AI Papers Reader

Personalized digests of latest AI research

View on GitHub

TextToon: Real-Time Text Toonify Head Avatar from Single Video

A team of researchers from the University of Rochester has developed a new method for generating high-quality, real-time toonified avatars from a single video. This technology, called TextToon, allows users to create stylized versions of themselves or others, using simple text descriptions.

For example, a user might say “Turn him into an American comic style,” or “Make her look like a Pixar character.” TextToon will then animate the avatar with synchronized expressions and movements based on the original video, effectively translating the user’s instructions into a visual form.
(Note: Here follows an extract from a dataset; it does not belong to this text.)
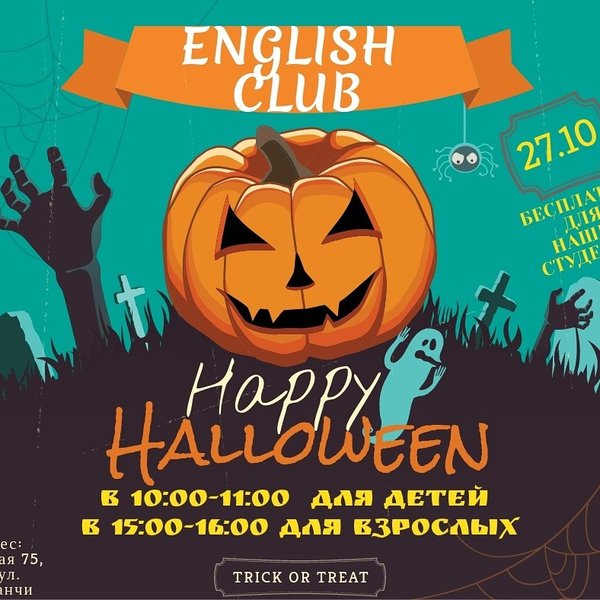 Knock Knock, Trick or treat?) Дорогие наши студенты и все желающие, ЗАВТРА 27.10 в нашем центре по адресу: проспект Абая 75, уг ул Масанчи, будет проходить ENGLISH CLUB С НОСИТЕЛЕМ на тему HALLOWEEN ⏰в 10:00—11:00 для детей. Будет угощение и веселье ⏰в 15:00—16:00 для взрослых, welcome . Для наших студентов совершенно БЕСПЛАТНО А для тех, кто у нас не обучается, стоимость разового посещения 1000 тг, а кто хочет участвовать в English club каждую субботу- абонемент 2500 тг за месяц . Приходите, ждём всех! Дополнительная информация п… — Читать дальше

The key to TextToon’s success lies in its use of a conditional Tri-plane, a neural network that learns to map stylized appearances onto a 3D representation of the face. This allows the system to handle complex facial expressions and movements realistically, even when changing the avatar’s style. To improve the visual quality of the toonified avatars, TextToon also incorporates patch-aware contrastive learning. This technique ensures that the generated avatars are clear and free from blurriness, a common problem in diffusion-based image editing.

In addition to its high quality, TextToon is also very efficient. The researchers have developed a real-time system that can generate avatars at 48 frames per second on a GPU and 15 frames per second on a mobile device.

Overall, TextToon represents a significant advance in the field of avatar creation. It offers a user-friendly, efficient, and high-quality way to generate stylized avatars from video, opening up exciting possibilities for entertainment, social media, and more.

This story summarizes the main points of the paper, “TextToon: Real-Time Text Toonify Head Avatar from Single Video,” which is accessible in the PDF file attached to the prompt.